So I want to give the aerobic harvesting of energy from glucose in cellular resp as an example of a redox reaction. I have to show the increase/decrease in oxidation number to demonstrate the oxidation/reduction reactions, however, the number of e- doesn't cancel, i.e isn't equivalent...
C6H12O6 + 6O2 --> 6CO2 + 6H2O + (energy – ATP + heat)
Oxidation half-reaction
C6H12O6 --> CO2
a + b + c = 0 a + b = 0
a + (+12) + (-12) = 0 a + (-4) = 0
a = 0 a = +4
ON of C = 0 ON of C = +4
increase of 4
Reduction half-reaction
O2 --> H2O
ON of O = 0 ON of O = -2
decrease of two
Shouldn't the number of 'freed' electrons be equivalent???
thanks!
2007-03-01 23:05:14 · 1 answers · asked by Anonymous in Science & Mathematics ➔ Chemistry
Well done.
You have calculated the oxidation numbers correctly.
and you are right that the total number of electrons lost by oxidation should be equal to the number of electrons gained during the reduction.
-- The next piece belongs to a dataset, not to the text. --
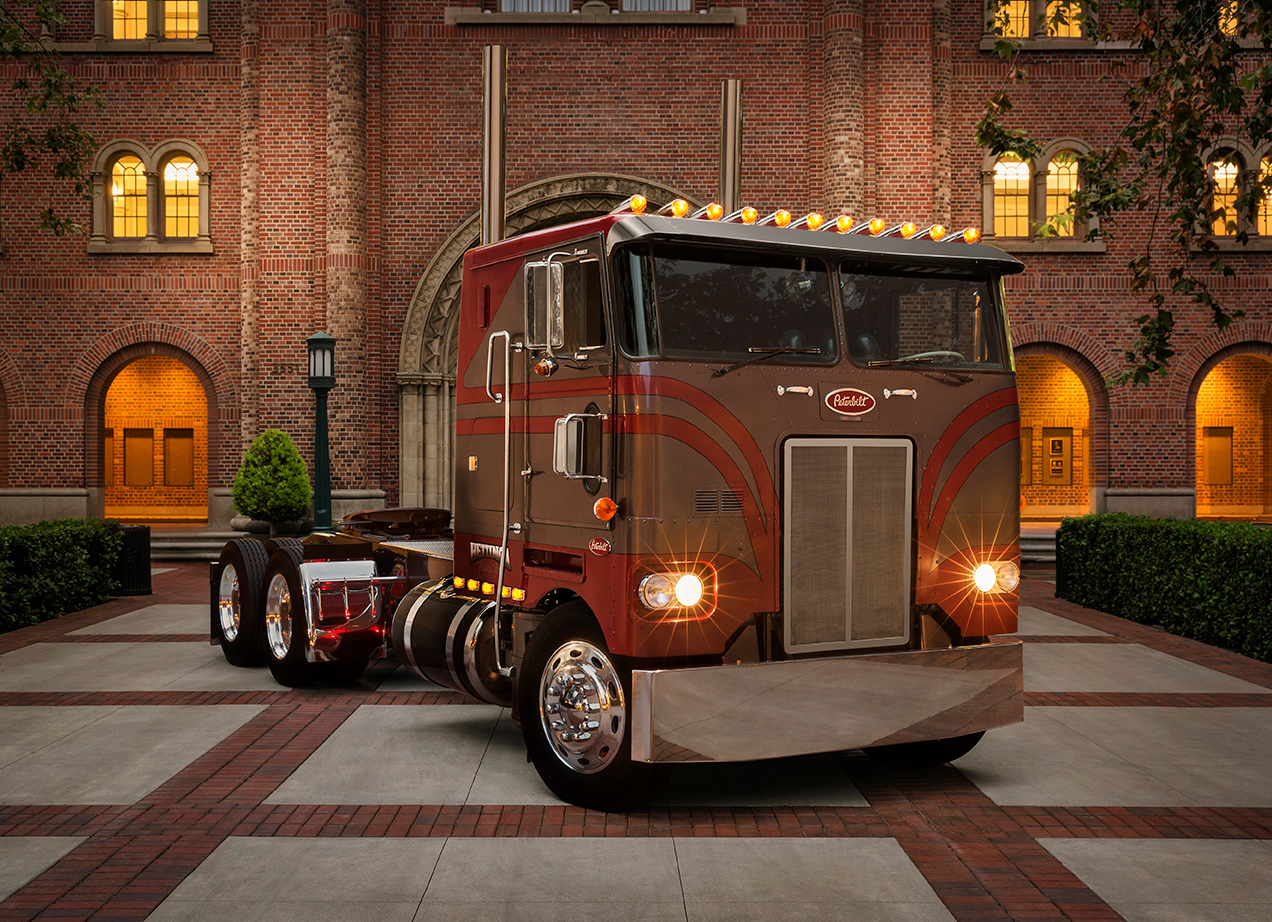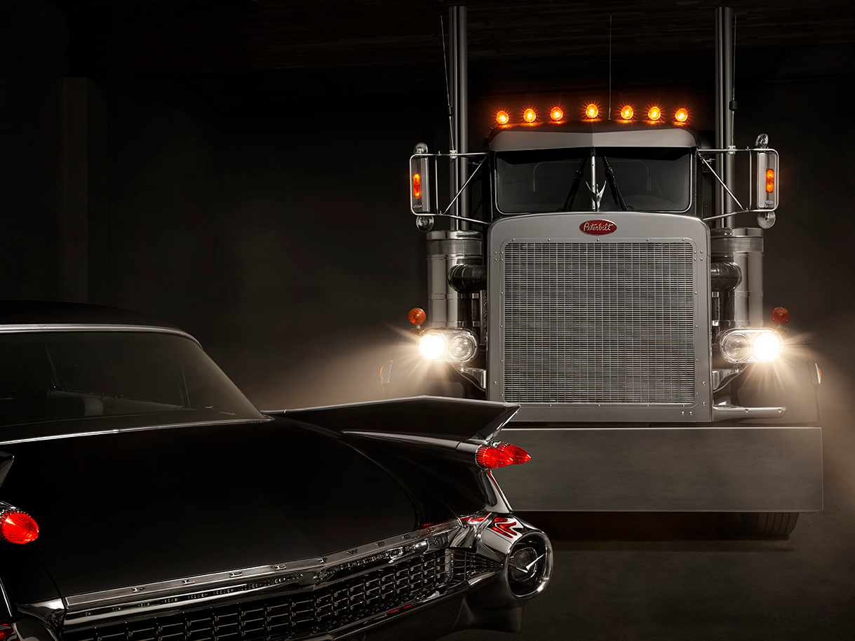 Classic Peterbilt 359 Truck photographed in a Burbank studio with the classic Cadillac whale tail fin in the foreground.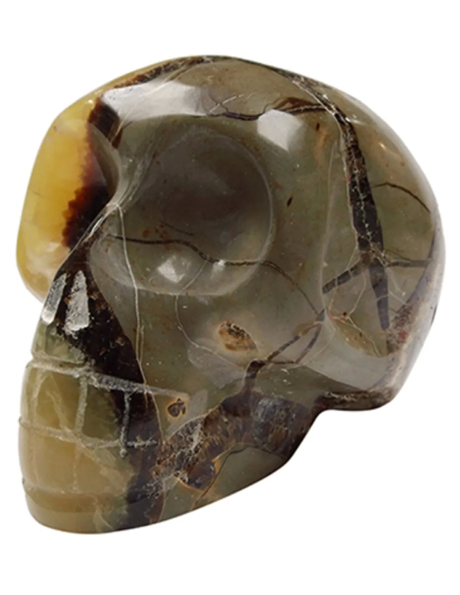 Kristallen schedel (skull) van Septarie van ca. 14 cm lang.

BUT be careful: the total number of electrons must be balanced and not the changes in the oxidation numbers of the reactants.
Here for C you go from 0 to +4 so you have a change of 4 per atom of C. But you have 6 C atoms participating in the reaction thus in total 4*6=24 e lost (oxidation)
For O you go from 0 to -2 so you have a change of 2. But you have 6*2=12 O being reduced in the reaction thus you have 12*2=24 e gained (note that O in C6H12O6 is already at -2 so its oxidation number is not changed).
So you see that atlhough the changes in oxidation number are not the same (4 vs 2) the total number of e is balanced (24e) because of the different stoichiometry of the reactants.
2007-03-02 02:39:44 · answer #1 · answered by bellerophon 6 · 0⤊ 0⤋